Walon Vau enjoyed irony, and there was none more pro-found than seizing-as a soldier-the inheritance his father had denied him for wanting lo join the army.

On the metal door of the deposit box, a cupboard with a set of sliding shelves, was an engraved plate that read VAU, COUNT OF GESL.

“When the old chakaar dies, that’ll be me,” Vau said. “In theory, anyway. It’ll pass to my cousin.” He looked over his shoulder, even though the sensors in his Mandalorian helmet gave him wraparound vision. “Didn’t I say thin out, Delia? Move it.”

Vau wasn’t used to anything other than instant obedience from his squads. He’d drummed it into them on Kamino, the hard way when necessary. Skirata thought you built special forces soldiers by treats and pats on the head, but it just produced weaklings; Vau’s squads had the lowest casualty rates because he reinforced the animal will lo survive in every man. He was proud of it.

“You did,” Boss said, “but you look like you need a hand. Anyway-you’re not our sergeant any longer. Technically speaking. No disrespect… Citizen Vau.”

I was hard on them because I cared. Because they had to be hard to survive. Kal never understood that, the fool.

Vau still had trouble breathing some days thanks lo the broken nose Skirata had given him. The crazy little chakaar didn’t understand training at all.
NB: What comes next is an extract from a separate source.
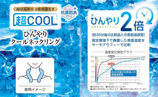 「超COOL」シリーズは、“ひんやり”にとにかくこだわった、暑い季節を超COOLに過ごせる商品です。新登場の「超COOL ひんやりクールネックリング」は、当社で販売実績のある比較品と比べて、体感でひんやり感が2倍(※1)あり、冷たさが長持ちする為、これからの暑い季節にぴったりのアイテムです。特殊なジェルを配合しており、固まっていなくても冷たさをしっかり感じられ、身体にしっかりフィットします。

The next droid patrol wouldn’t come this way for a few hours. Security droids trundled constantly through the labyrinth of corridors deep under the Mygeetan ice, a banking stronghold the Muuns claimed could never be breached. It still made sense to get out sooner rather than later. And Delta should have banged out by now; they’d called in air strikes and sabotaged ground defenses, and Bacara’s Marines were moving in again. They’d achieved their mission, and it was extraction time.

“I should have thrashed more sense into you, then,” Vau said. He unfolded a plastoid bivouac sheet and knotted the corners. It was always a bad idea not to plan for the most extreme situation: he’d been certain he would only take what was rightfully his, but this was too good to pass up. “Okay, you and Scorch hold this between you while I fill it.”

“We can empty the-“

“I steal. You don’t.”

It was a fine point but it mattered to Vau. Skirata might have raised a pack of hooligans, but Vau’s squads were disciplined. Even Sev… Sev was psychotic and lacked even the most basic social graces, but he wasn’t a criminal.